### Aim of the exercise
A verbatim copy of the records is required, with all pictures left out.

### Data supplied
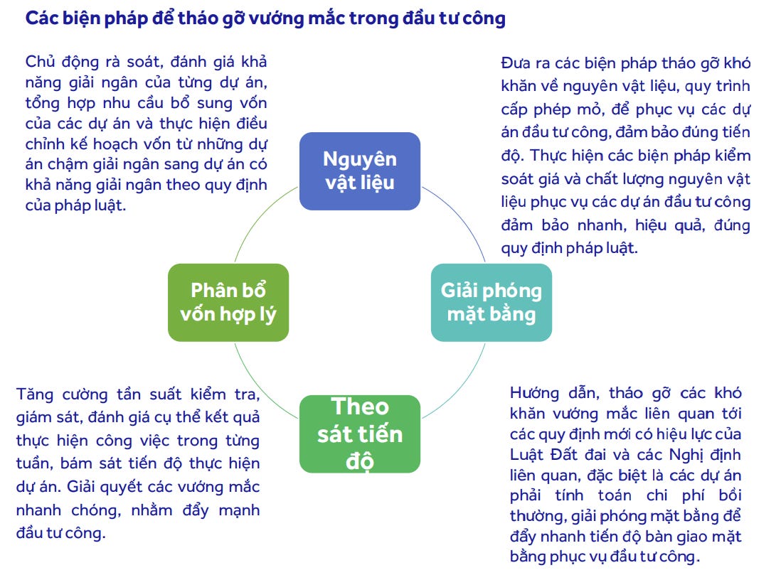 Để đẩy mạnh công tác giải ngân vốn cho các dự án hạ tầng trọng điểm, liên tiếp các biện pháp thúc đẩy giải ngân đầu tư công được Chính phủ ban hành .
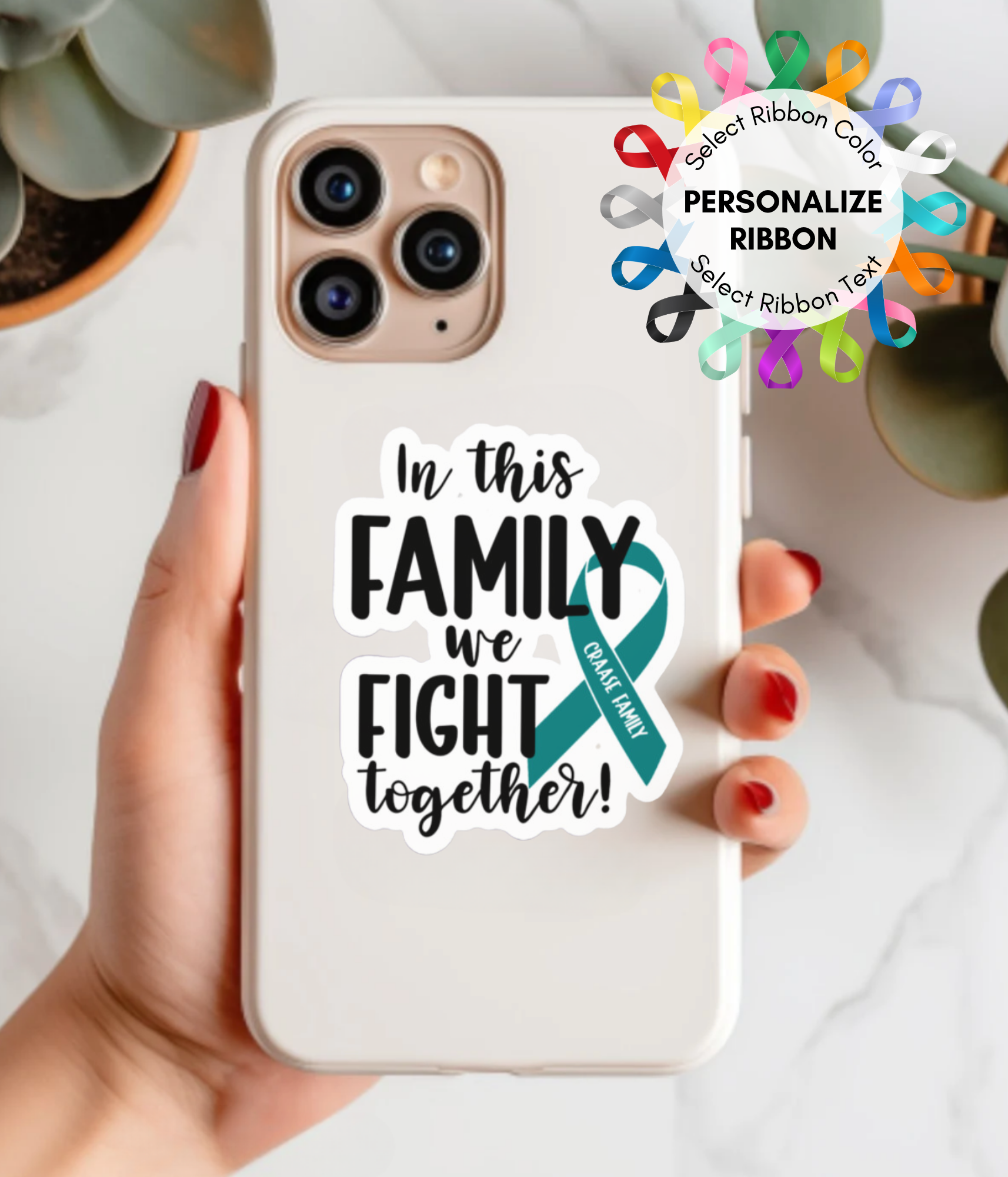 • Support your loved one in style with this trademarked and personalized "In this family we fight together" 3x3 ribbon sticker. Order one or order in bulk to hand out to family and friends to help show their support and make a large supportive statement. Perfect to put on electronic devices, water bottles, journals, cell phones, and so much more!
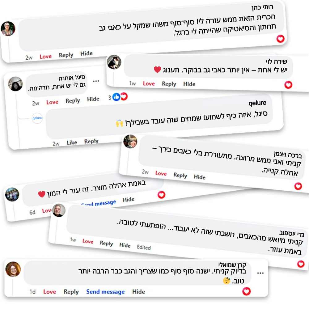 רבים דיווחו על ירידה משמעותית בכאבי הגב והמפרקים, תחושת הקלה בירכיים וברגליים, ושינה הרבה יותר עמוקה.
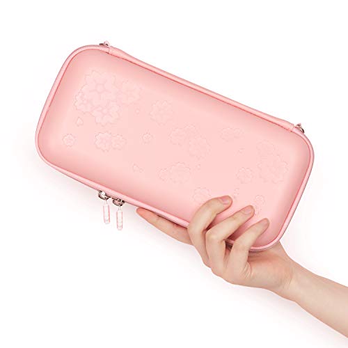 U Core Sakura Carrying Case for Nintendo Switch Lite- Portable Hardshell Slim Travel Carrying Case fit Switch Lite & Game Accessories - With 8 Game Card Slots and a Removable Wrist Strap
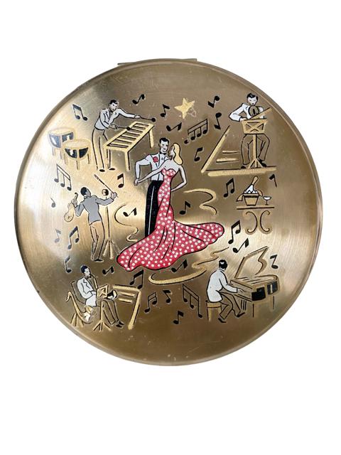 Large Le Rage Dancers & Musicians Musical Themed Powder Compact c.1940

### Answer area
 Để đẩy mạnh công tác giải ngân vốn cho các dự án hạ tầng trọng điểm, liên tiếp các biện pháp thúc đẩy giải ngân đầu tư công được Chính phủ ban hành .
 • Support your loved one in style with this trademarked and personalized "In this family we fight together" 3x3 ribbon sticker. Order one or order in bulk to hand out to family and friends to help show their support and make a large supportive statement. Perfect to put on electronic devices, water bottles, journals, cell phones, and so much more!
 רבים דיווחו על ירידה משמעותית בכאבי הגב והמפרקים, תחושת הקלה בירכיים וברגליים, ושינה הרבה יותר עמוקה.
 U Core Sakura Carrying Case for Nintendo Switch Lite- Portable Hardshell Slim Travel Carrying Case fit Switch Lite & Game Accessories - With 8 Game Card Slots and a Removable Wrist Strap
 Large Le Rage Dancers & Musicians Musical Themed Powder Compact c.1940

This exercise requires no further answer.